Finding Missing Angles with Inverse Trig
A free Trigonometry lesson from the “Right Triangle Trigonometry” unit, with a worked example and practice problems including step-by-step solutions.
Right-triangle trigonometry connects an acute angle to side ratios. Students label opposite, adjacent, and hypotenuse from the chosen angle, then use sine, cosine, tangent, or inverse trig to compute a missing side, missing angle, height, distance, or sight line.
What you'll learn
- Label right-triangle sides from a chosen angle
- Set up sine, cosine, tangent, and inverse-trig equations
- Compute side lengths, angles, heights, and distances
Worked example
Problem. Finding Missing Angles with Inverse Trig: A 60-degree angle has hypotenuse 60. Find the opposite side to the nearest tenth.
- Use sine because opposite and hypotenuse are involved.
- opposite = 60sin(60).
- Round at the end.
Answer: 52
Practice problems
1. Finding Missing Angles with Inverse Trig: For angle theta, opposite = 60 and hypotenuse = 87. Find sin(theta).
Show solution
- Warm-up: First identify exactly what the question is asking: Finding Missing Angles with Inverse Trig: For angle theta, opposite = 60 and hypotenuse = 87. Find sin(theta).
- For inverse relationships, reverse the operations in the opposite order and check that the result undoes the original rule.
- Sine is opposite over hypotenuse.
- Use 60/87.
- Simplify to 20/29.
- Check the result by substituting or estimating: the response should match 20/29 and make sense in the original problem.
Answer: 20/29
2. Finding Missing Angles with Inverse Trig: For angle theta, adjacent = 140 and hypotenuse = 148. Find cos(theta).
Show solution
- Warm-up: First identify exactly what the question is asking: Finding Missing Angles with Inverse Trig: For angle theta, adjacent = 140 and hypotenuse = 148. Find cos(theta).
- For inverse relationships, reverse the operations in the opposite order and check that the result undoes the original rule.
- Cosine is adjacent over hypotenuse.
- Use 140/148.
- Simplify to 35/37.
- Check the result by substituting or estimating: the response should match 35/37 and make sense in the original problem.
Answer: 35/37
3. Finding Missing Angles with Inverse Trig: For angle theta, opposite = 55 and adjacent = 300. Find tan(theta).
Show solution
- Warm-up: First identify exactly what the question is asking: Finding Missing Angles with Inverse Trig: For angle theta, opposite = 55 and adjacent = 300. Find tan(theta).

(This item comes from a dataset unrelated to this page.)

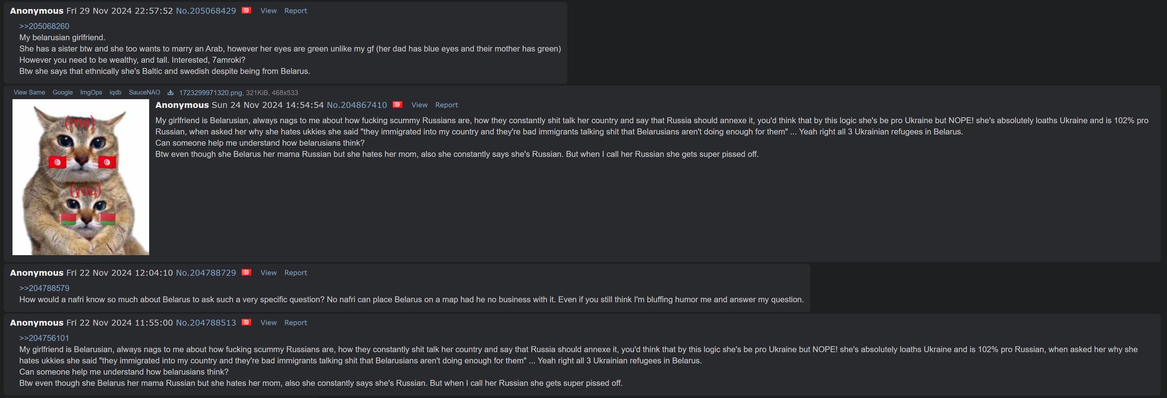 >>219844327Broke up. Need me a new one.>>219844261Would trade you a truckful of Tunisian women for one Belarusian woman.

- For inverse relationships, reverse the operations in the opposite order and check that the result undoes the original rule.

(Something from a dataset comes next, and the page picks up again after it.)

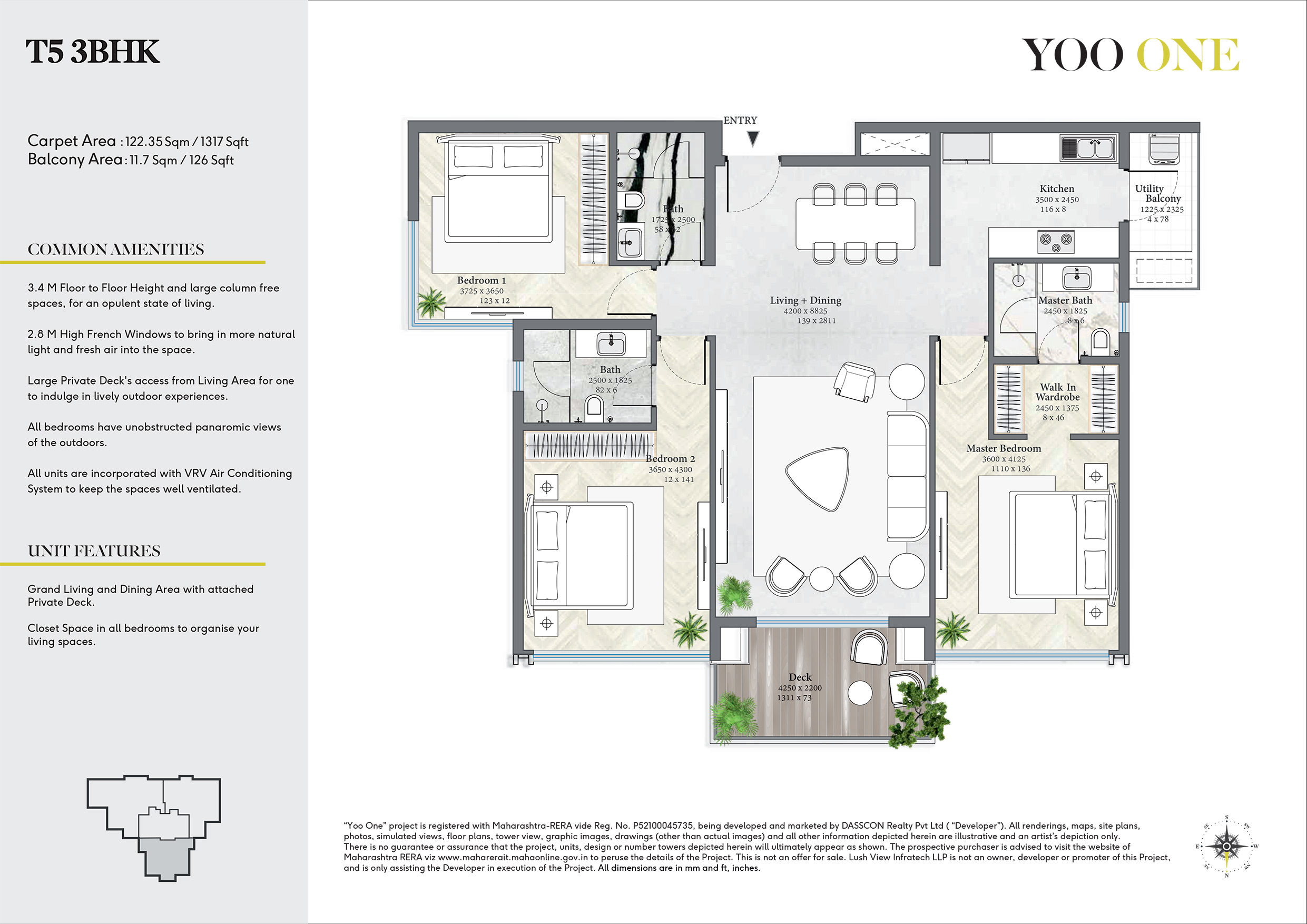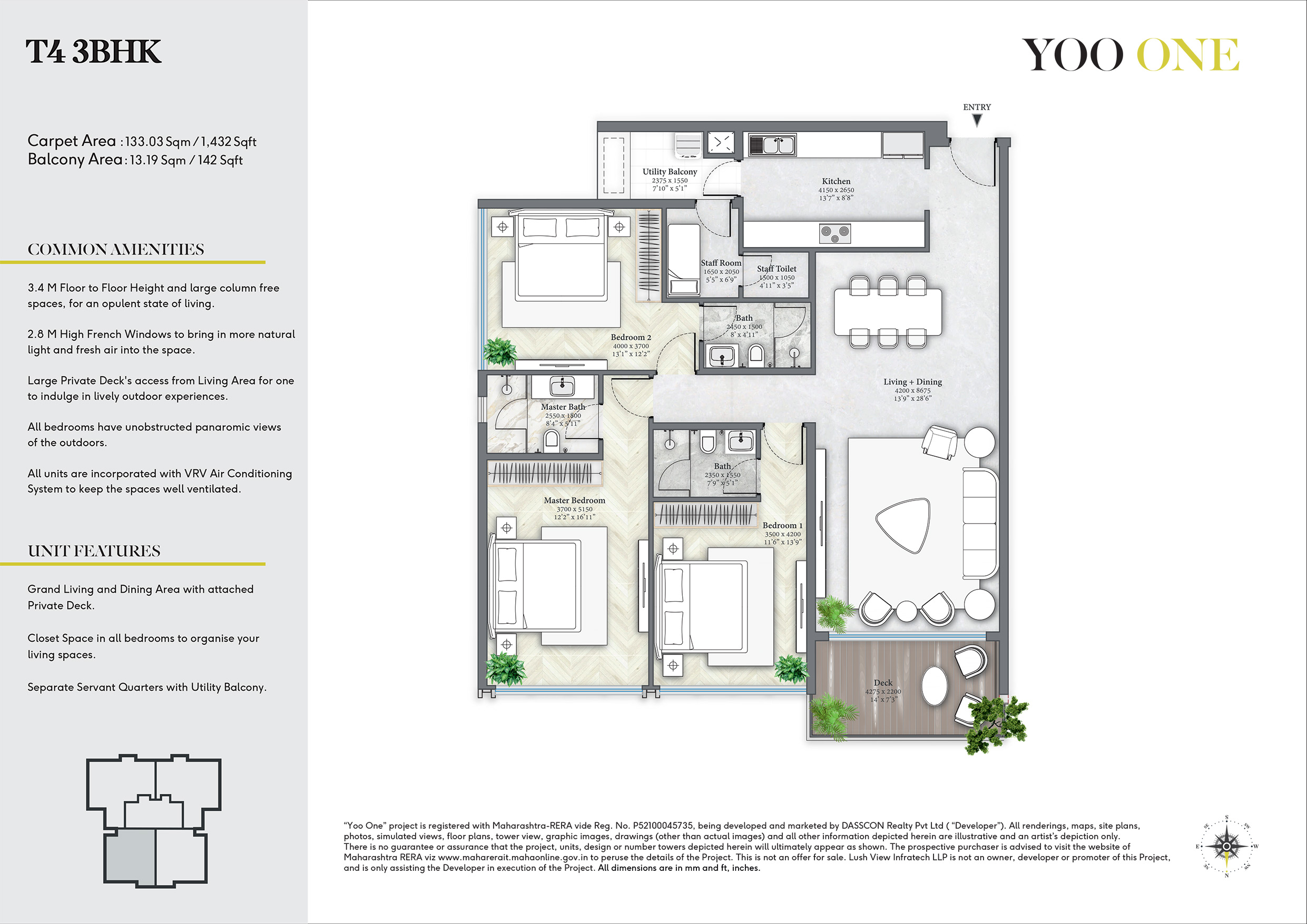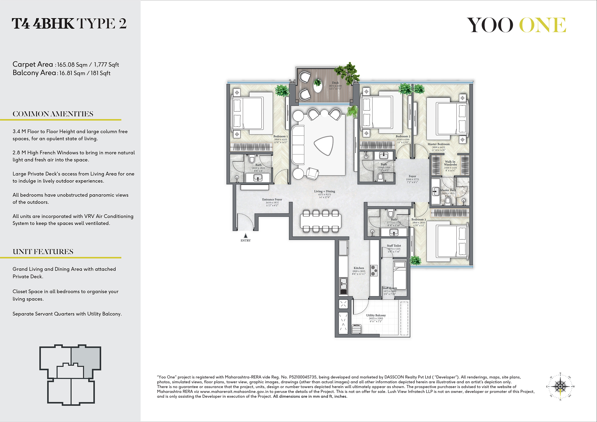 "Yoo One” project is registered with Maharashtra-RERA vide Reg. No. P52100045735, being developed and marketed by DASSCON Realty Pvt Ltd ( “Developer”). All renderings, maps, site plans, photos, simulated views, floor plans, tower view, graphic images, drawings (other than actual images) and all other information depicted herein are illustrative and an artist’s depiction only. The project, units, design or number of towers depicted herein are subject to change as maybe decided by the company or directed by any competent authority in the best interest of the development.

- Tangent is opposite over adjacent.
- Use 55/300.
- Simplify to 11/60.
- Check the result by substituting or estimating: the response should match 11/60 and make sense in the original problem.
Answer: 11/60
4. Finding Missing Angles with Inverse Trig: A 60-degree angle has hypotenuse 60. Find the opposite side to the nearest tenth.
Show solution
- Core Practice: First identify exactly what the question is asking: Finding Missing Angles with Inverse Trig: A 60-degree angle has hypotenuse 60. Find the opposite side to the nearest tenth.
- For inverse relationships, reverse the operations in the opposite order and check that the result undoes the original rule.
- Use sine because opposite and hypotenuse are involved.
- opposite = 60sin(60).
- Round at the end.
- Check the result by substituting or estimating: the response should match 52 and make sense in the original problem.
Answer: 52
5. Finding Missing Angles with Inverse Trig: A 30-degree angle has adjacent side 12. Find the hypotenuse to the nearest tenth.
Show solution
- Core Practice: First identify exactly what the question is asking: Finding Missing Angles with Inverse Trig: A 30-degree angle has adjacent side 12. Find the hypotenuse to the nearest tenth.
- For inverse relationships, reverse the operations in the opposite order and check that the result undoes the original rule.
- Use cosine because adjacent and hypotenuse are involved.
- cos(theta) = adjacent/hypotenuse.
- Divide by cos(theta).
- Check the result by substituting or estimating: the response should match 13.9 and make sense in the original problem.